Cocrafting – Handwerk 2.0

No°9

Credit: handwerk magazin/Fabian Zapatka

Berlin ist bunt. Und zwar auch, was modernes Arbeiten im Handwerk betrifft. Für die aktuelle Printausgabe des handwerk magazins durfte ich in einer Reportage das KAOS vorstellen. Der Cocrafting Space, der sich mitten im Herzen Ostberlins befindet, setzt auf eine ausgeprägte Kultur des Teilens und Miteinanders.

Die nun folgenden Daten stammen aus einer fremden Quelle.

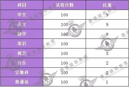 而每一科的占分比重卻各有不同,主科中、英、數占的比重為9;常識為6;視覺藝術占3;音樂占2;而宗教和普通話分別占2和1。這個占分比重在每次考試中都相同。

Die Kamera auf Position. Im Hintergrund befindet sich ein alter Industriebau, der im grauen Berliner Winter wie verlassen scheint, gleichermaßen aber auch eine geeignete Kulisse für ein Shooting bietet. Mühsam dringt das Tageslicht an diesem Januartag durch die Wolkendecke. Gerade gut für die nächste Aufnahme. Plötzlich stoppt Volker Rueß den Fotografen: „Da muss ich kurz rangehen“, deutet er auf sein Smartphone. Zwei Minuten Pause. „Nur eine Anfrage für einen Auftrag, den ich aber nicht mehr annehmen kann.“ Nicht ohne Grund, Rueß war einst als Schmied im KAOS tätig, heute ist er voll und ganz Geschäftsführer des Cocrafting Space.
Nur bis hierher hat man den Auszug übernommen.